# Goodbye Leto, see you again :) Miss ya buddy. Love ya



## gold4me (Mar 12, 2006)

Beautiful tribute. He is a very handsome boy and I know you miss him. Your tribute brought tears to my eyes. I am very sorry your your loss.


----------



## TagAndLeto (Aug 20, 2013)

Thank you


----------



## dborgers (Dec 7, 2011)

I'm so sorry for the loss of your friend, Leto. Beautiful video.

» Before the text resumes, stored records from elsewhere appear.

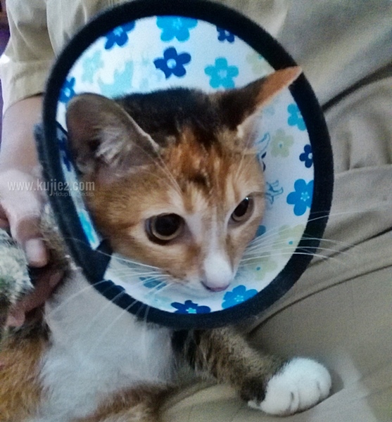 Doktor nasihatnya Alice memasai E-Collar ( Elizabethan collar ). Saya dah lama ada E-Collar ni tetapi jarang bagi Alice pakai. Rasa kesian tengok dia tak selesa. Tiap kali pakai, Alice mesti gesel-geselkan kepala ke dinding atau apa saja barang untuk mengeluarkan benda ni.
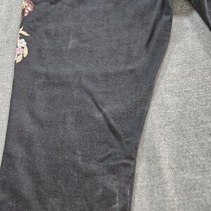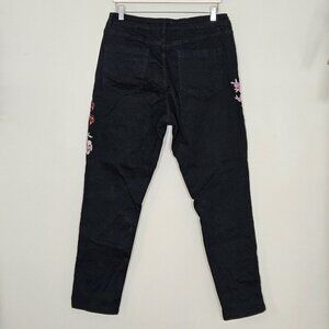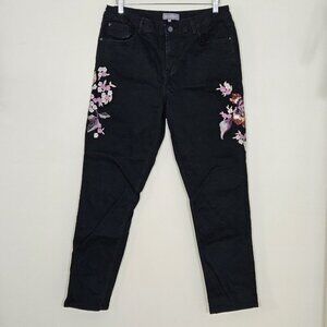 RJR John Rocha Jeans Womens 18 R Black High Rise Embroidery Flowers Sequins Boho
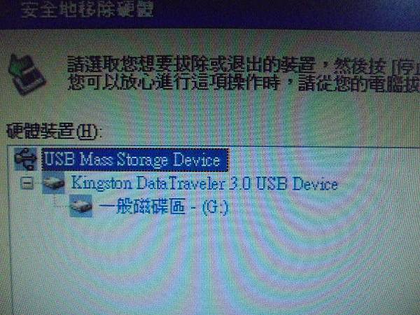 Kingston金士頓DT100G3→128GB隨身碟插在ASUS筆電隨掉落地面後~折彎USB 3.0接頭→送SET復得判定救回檔案要三萬多元~已救回工作的檔案資料→硬體裝置H USB Mass Storage Device~臺北市大安區-賴小姐【安全地移除硬體】
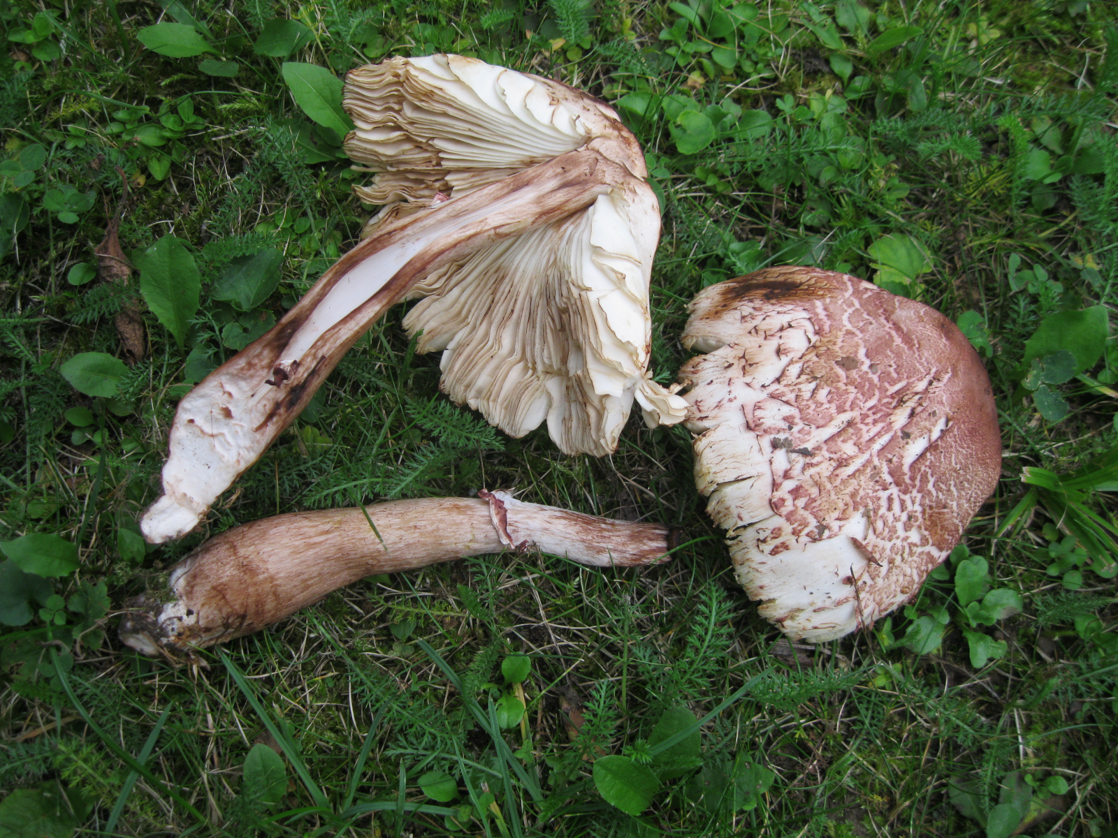 Die Ringstruktur wäre mal interessant genauer zu sehen, es kann ja auch eine der rötenden Macrolepiota - Arten sein, wenn der Ring nicht so einfach aussehen würde.LG, Pablo.
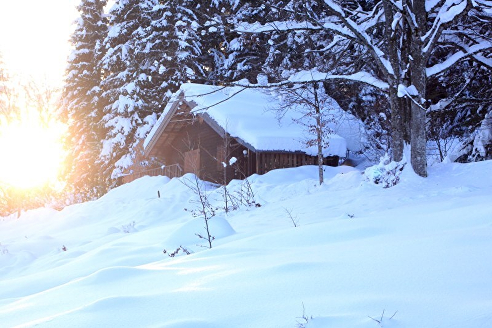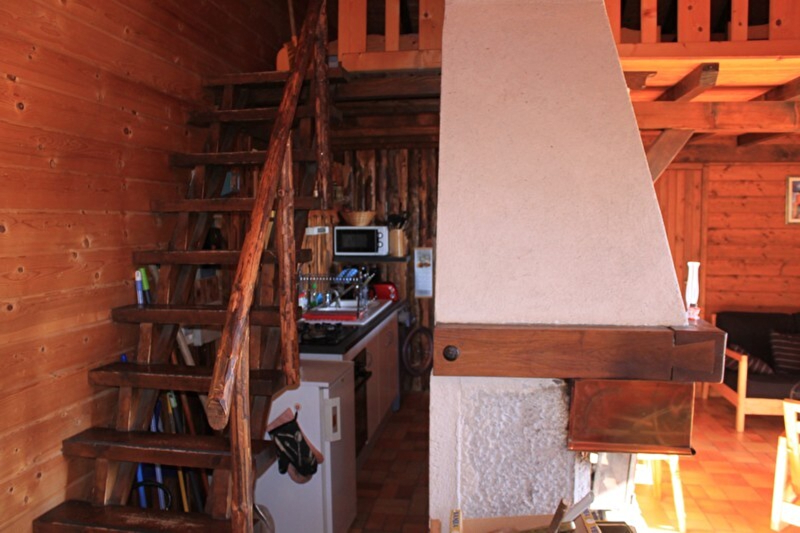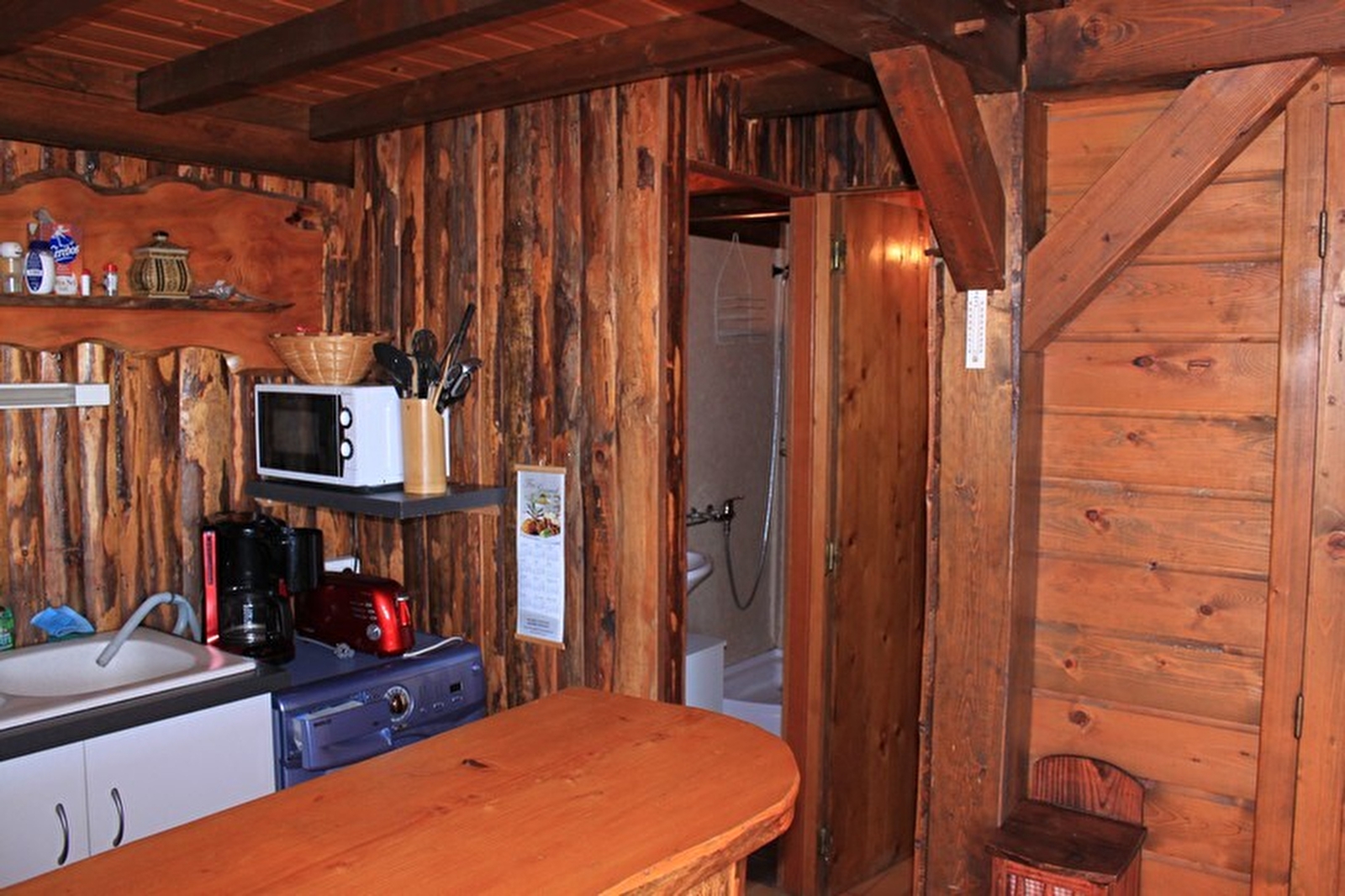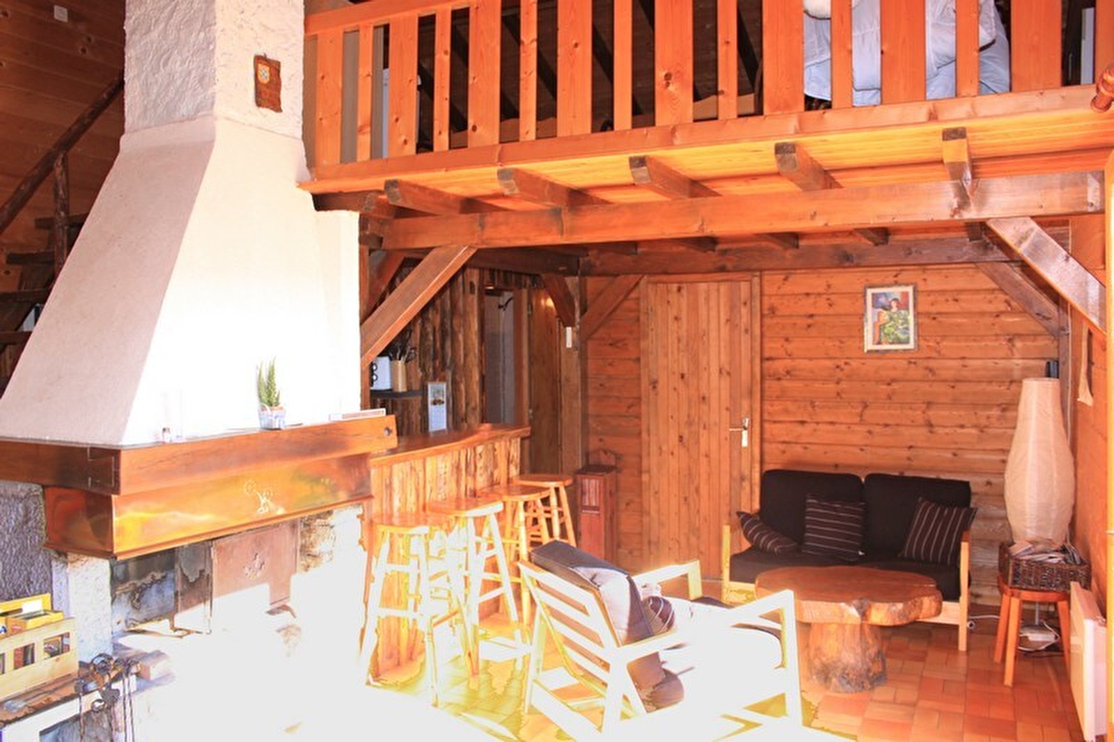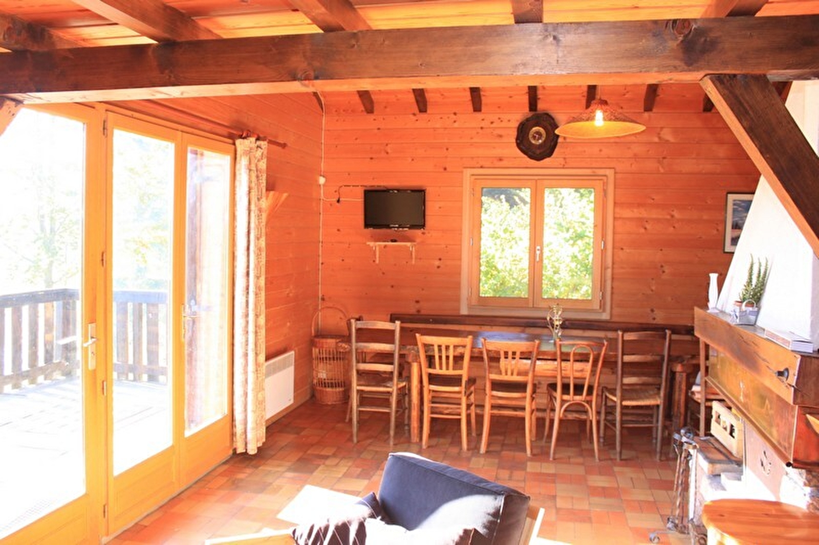 Freistehendes Chalet. Küche, Wohnzimmer, Salon. Im Obergeschoss: Mezzanine mit 1 Doppelbett, 2 Einzelbetten, Badezimmer, Zimmer 1: 1 Doppelbett, angrenzendes, nicht eingezäuntes Grundstück, Gartenmöbel, Grill. Elektrische Heizung. Nebenkosten nicht inbegriffen. Möglichkeit, auf Anfrage eine fünfte Person aufzunehmen.
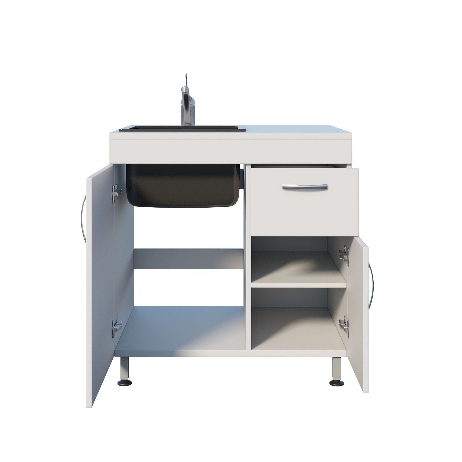 Корпус выполнен из ЛДСП, установлена врезная мойка Stegler. Под раковиной предусмотрено закрытое отделение с распашной дверцей, а по соседству — секция с выдвижным ящиком и дверцей; внутри размещена полка для хранения. Конструкция опирается на ножки в виде сварного каркаса, а хирургический локтевой смеситель позволяет включать воду без лишних касаний, что особенно удобно в медицинской среде.

As Doug the moderator says about times like these: "Now you know another angel's name"


----------



## HolDaisy (Jan 10, 2012)

I am so very sorry for your heartbreaking loss of handsome Leto  goldens are so special, they leave such a massive space when they are gone. Thank you for sharing your beautiful tribute.


----------



## golfgal (Dec 31, 2013)

I'm so sorry for your loss. What a wonderful video. Makes me tear up too so I get that. I'm sure having Tag makes it easier but won't make you miss Leto any less. Hugs out to you.


----------



## swishywagga (Nov 13, 2012)

I am sorry for the loss of gorgeous Leto, what a beautiful tribute.


----------



## Karen519 (Aug 21, 2006)

*Leto*

Rest in peace, sweet Leto.
I added him to the Rainbow Bridge List.
http://www.goldenretrieverforum.com...ow-bridge-list-grf-2014-a-20.html#post5335898


----------



## AmberSunrise (Apr 1, 2009)

What a beautiful tribute to your handsome Leto! I am sorry for you loss.

Sleep softly Leto.


----------



## Brinkleythegolden (Jun 18, 2012)

What a great tribute to your boy. I'm so sorry for your loss..


----------



## CAROLINA MOM (May 12, 2009)

I'm so sorry for your loss of Leto.
Your tribute to him is beautiful and very touching.

Godspeed Leto


----------



## Yaichi's Mom (Jul 21, 2012)

I hope that the love and wonderful memories you both shared continues to make your heart smile during this difficult and painful time. Leto had a wonderful life full of love and joy. I am so, so sorry for your loss.


----------



## KKaren (Oct 29, 2014)

Thank you for sharing your beautiful tribute to Leto. I hope that these memories give you comfort. Thinking of you and Tag


----------



## Mrs_B (Jan 21, 2008)

Thank you for sharing. Absolutely beautiful


----------



## Karen519 (Aug 21, 2006)

*Video*

Your video is just beautiful! 

I'm sure that Tag misses Leto as much as you do.


----------



## wjane (Oct 12, 2013)

Thank you for sharing that beautiful tribute. I can see how bonded he and Tag were. I'm glad you are able to comfort each other.


----------



## Alaska7133 (May 26, 2011)

Great video, thanks for sharing your loss. So many of us have been through it. I hope the best for you and Tag.


----------



## 4goldengirls (Jun 10, 2014)

Beautiful dog, beautiful tribute. My condolences on your loss.


----------



## Melakat (Oct 9, 2010)

What a lovely tribute of your handsome boy Leto. It is so hard to say "good bye for now".

Thinking about you & Tag.

We are almost neighbours.


----------